Efficient, divergence-free, high-order MHD on 3D spherical meshes with optimal geodesic meshing

Abstract

ABSTRACT There is a great need in several areas of astrophysics and space physics to carry out high order of accuracy, divergence-free MHD simulations on spherical meshes. This requires us to pay careful attention to the interplay between mesh quality and numerical algorithms. Methods have been designed that fundamentally integrate high-order isoparametric mappings with the other high accuracy algorithms that are needed for divergence-free MHD simulations on geodesic meshes. The goal of this paper is to document such algorithms that are implemented in the geodesic mesh version of the RIEMANN code. The fluid variables are reconstructed using a special kind of WENO-AO algorithm that integrates the mesh geometry into the reconstruction process from the ground-up. A novel divergence-free reconstruction strategy for the magnetic field that performs efficiently at all orders, even on isoparametrically mapped meshes, is then presented. The MHD equations are evolved in space and time using a novel ADER predictor algorithm that is efficiently adapted to the isoparametrically mapped geometry.

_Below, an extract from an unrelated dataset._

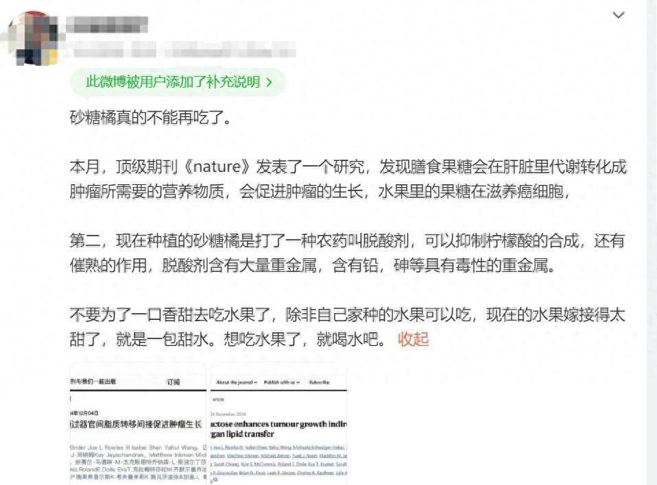 最近,一條關於“砂糖橘真的不能再喫了”的消息“炸”了。該消息說,頂級期刊《自然》(nature)一項研究發現膳食果糖會在肝臟裏代謝轉化成腫瘤所需要的營養物質,會促進腫瘤的生長,水果裏的果糖在滋養癌細胞。並說,現在種植的砂糖橘是打了一種農藥叫脫酸劑,可以抑制檸檬酸的合成,還有催熟的作用,脫酸劑含有大量重金屬,含有鉛,砷等具有毒性的重金屬。網絡平臺截圖這個研究是怎麼回事?真的不能喫砂糖橘了嗎?網傳消息誇大了砂糖橘的危害消息中提到的論文確實存在,但是它完全歪曲了論文的原意,並且誇大了砂糖橘的危害。首先,這篇研究是一個動物實驗。這個研究是用已經得了癌症的小鼠來做的,小鼠喂的是高果糖漿,結果發現,這些小鼠的腫瘤長得更快了。論文結論是腫瘤細胞不能直接利用果糖,因爲腫瘤細胞沒有表達KHK-C (果糖代謝的關鍵酶),但是肝臟代謝產生的一些中間產物(如血磷脂酰膽鹼LPC),這些產物能夠被腫瘤細胞吸收利用,進而促進腫瘤的生長。所以,果糖可能會促進腫瘤細胞生長。最重要的是,這個研究中根本沒有提到砂糖橘或者其他水果,砂糖橘完全是作者自己的歪曲演繹。它是這樣演繹的——“因爲高果糖漿中有大量果糖,砂糖橘也含有果糖,因此砂糖橘致癌,不能喫”。不過,如果按照這個演繹方式,那麼幾乎所有甜的水果都因爲“含有果糖”而不能喫了,因爲果糖是很多水果中非常常見的一種糖分,就沒有水果可以喫了。其實,這個研究是一個基礎醫學研究,證據等級是比較弱的。類似的基礎醫學研究特別多,有動物實驗,還有體外細胞實驗等,如果大家經常看科學新聞就會看到每年都會有很多類似的研究發表,但是距離臨牀應用還有很遠的路。對於我們來說,平時飲食按照膳食指南的建議安排每日三餐就可以,並不用太擔心。正確使用營養劑增甜無任何副作用關於“脫酸劑”,一些地方農業部門發現“甜蜜素”“脫酸劑”“去酸增甜劑”等都是沒有登記的三無產品,一些產品可能有砷酸鹽。砷酸鹽殘留容易對環境和人類健康造成威脅,在當前食品安全管理中,是禁止使用的,使用者和提供者都將受到法律的制裁,特別是當前國家對於食品安全監管嚴格,一旦被查處,果農和果商都要承擔相應的法律責任,很多果農也意識到這種東西的害處,一般不會同意使用。但是,正確使用營養劑增甜是無任何副作用的,大家也不用對農業種植過程中正規的做法擔驚受怕。目前,很多肥料廠家都在推廣含有磷鉀等元素的肥料,用來促使柑橘等增加甜度,這樣的營養液都是正規登記的,可以正常使用,對於樹體無害,也不會造成任何農殘超標等,農戶完全可以選擇類似葉面肥、磷酸二氫鉀之類來提高果實甜度,這些都屬於營養肥料,無毒副作用。使用高磷高鉀等葉面肥作用機理是提高光合作用效率,增加光合產物,加速營養物質製造和轉化,積累有機物等。總的來說,我們買的正規砂糖橘是可以放心喫的。大衆不必恐慌這種所謂“新研究”謠言是典型的對科研論文片面、誇大演繹解讀式謠言,這類謠言通常披着“最新研究”的外衣,給出一些看似權威、專業又誇大的結論。這些新研究通常樣本數據很小,大多僅限於動物試驗,許多研究並沒有達成定論,但一些解讀者卻常常忽視這些關鍵因素,誇大那些缺乏定論的結論,甚至會無中生有進行聯想,推理得出一些所謂的結果,並進行廣泛再傳播,導致謠言滋生,引發公衆恐慌。對於許多網友來說,大多數人不會查閱原始文獻,而且許多內容過於專業,令人難以理解。不少人看到廣爲流傳的消息時,很容易被帶偏誤信。專業的事情交給專業的人,建議大家多諮詢權威人士的專業判斷。本文來源:科學闢謠微信編輯:大白還原事實,洞悉真相。歡迎關注,留言舉報!

The application of one-dimensional and multidimensional Riemann solvers at suitable locations on the mesh then provides the corrector step. The corrector step for the magnetic field uses a Yee-type staggering of magnetic fields. This results in a scheme with divergence-free update for the magnetic field. The use of ADER enables a one-step update that only requires one messaging operation per complete timestep. This is very beneficial for parallel processing. Several accuracy tests are presented as are stringent test problems. PetaScale performance is also demonstrated on the largest available supercomputers.